No aspecto financeiro, os números impressionam. Em 2019, antes da pandemia, a arrecadação atingiu R$ 161 milhões. Em 2025, segundo dados publicados no Portal UOL, o Allianz Parque arrecadou 61 milhões de dólares apenas com shows, alcançando a maior bilheteria da América Latina, com cerca de 1 milhão de ingressos vendidos.
A arena tornou-se referência mundial em eventos, figurando entre os estádios que mais recebem shows no planeta. Paul McCartney declarou que o Allianz está entre os três melhores locais para realização de shows no mundo. Parte significativa dessa arrecadação reforça o caixa alviverde, consolidando a sustentabilidade financeira do clube.

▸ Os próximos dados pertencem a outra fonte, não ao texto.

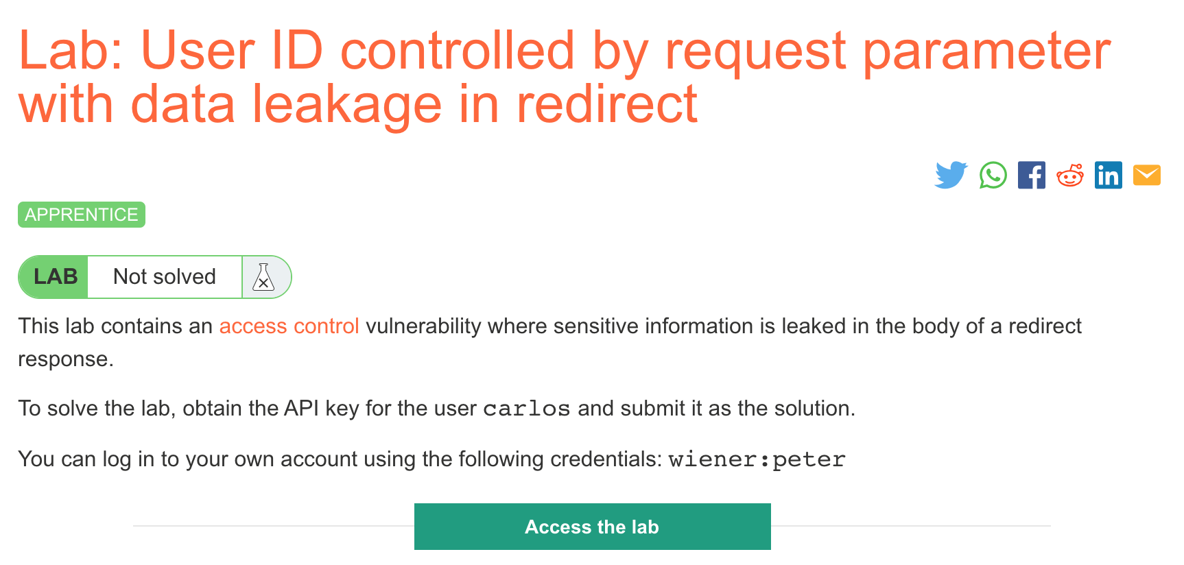 You’ll need a Portswigger Academy account before you get started. Log in and then view the lab at https://portswigger.net/web-security/access-control/lab-user-id-controlled-by-request-parameter-with-data-leakage-in-redirect. This is accessible from the “all labs” view or the access control blog post.

A moldura com a foto do Parque Antártica, o famoso jardim suspenso, e a foto do Allianz Parque, a fantástica arena do verdão
Somando os 11 títulos da Era Parmalat aos 15 conquistados após a inauguração do Allianz Parque, são 26 conquistas nacionais e internacionais diretamente ligadas a projetos que tiveram Belluzzo como mentor, articulador ou principal responsável. Tudo começou com a assinatura de Belluzzo. Mais do que números, trata-se de legado.
Luiz Gonzaga Belluzzo direta e indiretamente responsável por 26 títulos e um legado eterno
Belluzzo não apenas ajudou a montar times vencedores. Ele ajudou a criar as bases econômicas que sustentam o Palmeiras competitivo de hoje. Enfrentou resistências, críticas e incompreensões. Houve quem dissesse que o clube estava vendendo sua história. O tempo provou o contrário: estava garantindo o futuro.
Curiosamente, Belluzzo, o conselheiro que assinou a escritura do Allianz Parque não foi convidado para a inauguração da arena. Mas a história não se escreve com convites protocolares. Escreve-se com visão, coragem e resultados.
Entre livros, memórias e objetos que contam sua relação com o clube, Belluzzo guarda algo muito maior do que uma escritura emoldurada: o reconhecimento de milhões de palmeirenses que hoje vibram em um estádio moderno, veem um time forte e sentem orgulho de torcer para um clube estruturado.
A grande virada do Palmeiras não começou por acaso. Começou com planejamento. Começou com estratégia. Começou com Luiz Gonzaga Belluzzo.